<!-- mcp-name: io.github.JacobBruce/CAIT -->
CAIT - Core AI Toolkit
A modular Model Context Protocol (MCP) server that extends AI assistants with practical capabilities: file I/O, a persistent Python REPL, AST-aware code analysis, semantic text search, document conversion, Wikipedia & arXiv tools, a persistent vector memory database, and other general utilities.
A total of 38 tools across 9 modules. Each module can be disabled independently via the CAIT_DISABLE environment variable. Made by AI for AI.
Requirements
- Python 3.11+
- Core:
fastmcp,chromadb - Online research:
wikipedia-api,arxiv - Document conversion:
doclingormarkitdown[all](ormarkitdown[pdf]for PDF-only) - Scientific computing (optional, for REPL use):
sympy,scipy,matplotlib,plotly,vispy
Installation
git clone https://github.com/JacobBruce/CAIT
cd CAIT
python -m venv .venv
source .venv/bin/activate # Windows: .venv\Scripts\activate
pip install -r requirements.txt
Replace MarkItDown with Docling in requirements.txt if you want higher-quality layout-aware conversion (slower, heavier).
Agents & Skills
CAIT includes several agent files, instructions/rules, and skills. To get the most from CAIT you should install AGENTS.md into your work environment (see Agent Instructions below).

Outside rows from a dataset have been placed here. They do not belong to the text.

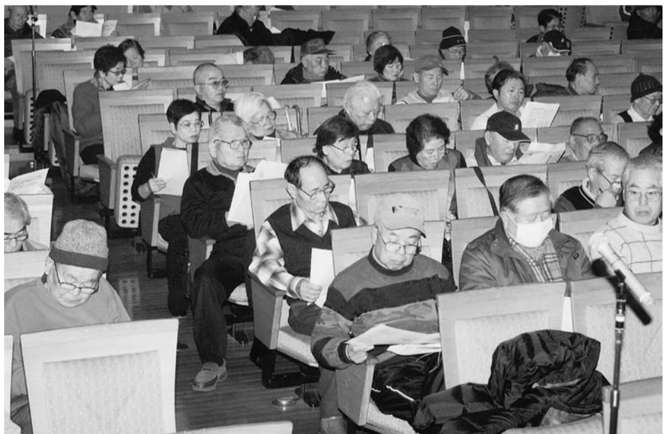
みぞれまじりの雨の中で開いた学習会 (1月23日)

今年ほととくに「達成と実増」の両目標を明らかにした取り組みです。すでに2月初旬で16分会44人が加入し昨年を上回っています。2月20日(水・木)が統一行動ですヨ、ガンバリ!
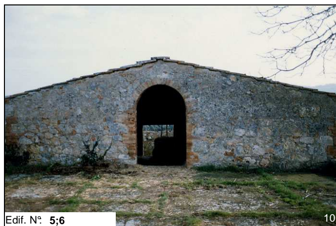
Edif. N° 5;6
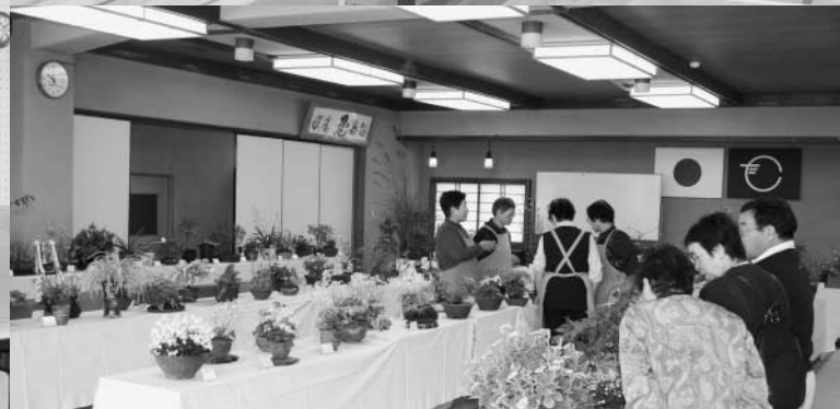
会員15人から165点が出品された山野草展(10月24~25日)
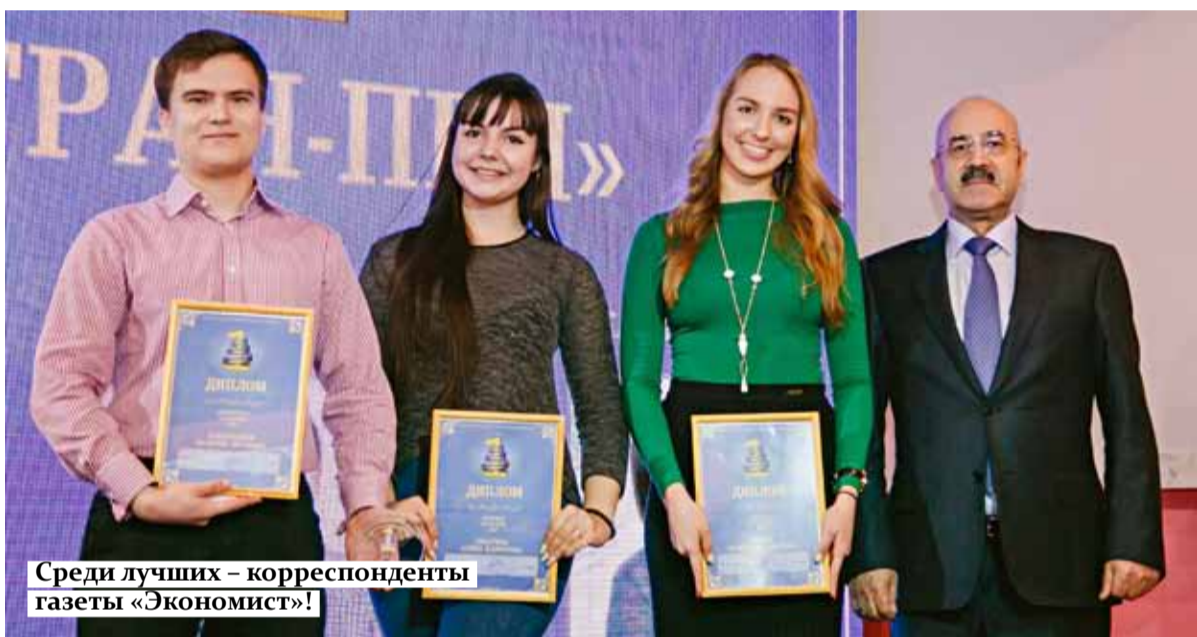
Среди лучших – корреспонденты газеты «Экономист»!

Со своей стороны отмечу, что ректорат и профессорско-
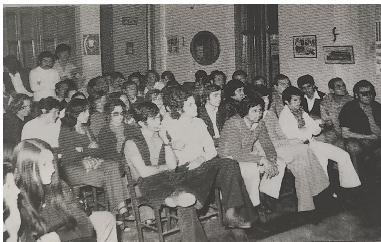
Asamblea de IDEAL - ARCOR en la Unión Obrera Gráfica de Córdoba.

El libro muestra cómo, después del 24 de marzo, en medio de la represión al movimiento sindical, a las organizaciones políticas, armadas, sociales opositoras se desplegó una ofensiva contra los trabajadores que incluyó profundos recortes en los derechos laborales y sindicales y drásticas transformaciones económicas, en combinación con un despliegue represivo de una intensidad inédita hasta el momento, incluso en un territorio en el cual la represión había ido avanzando en esa etapa.

The instructions include general guidance for how to behave, how to use CAIT tools, and how to use the Firecrawl search tools. The instructions may need to be adapted to suit different setups.
If you are working in a Python environment you may want to make use of this agent prompt: python-coder.agent.md. There is also research-assistant.agent.md for deep research.
For C++ programmers there is cpp-style-guidelines.md, although many of the guidelines are my personal preferences and may need to be adapted to other projects.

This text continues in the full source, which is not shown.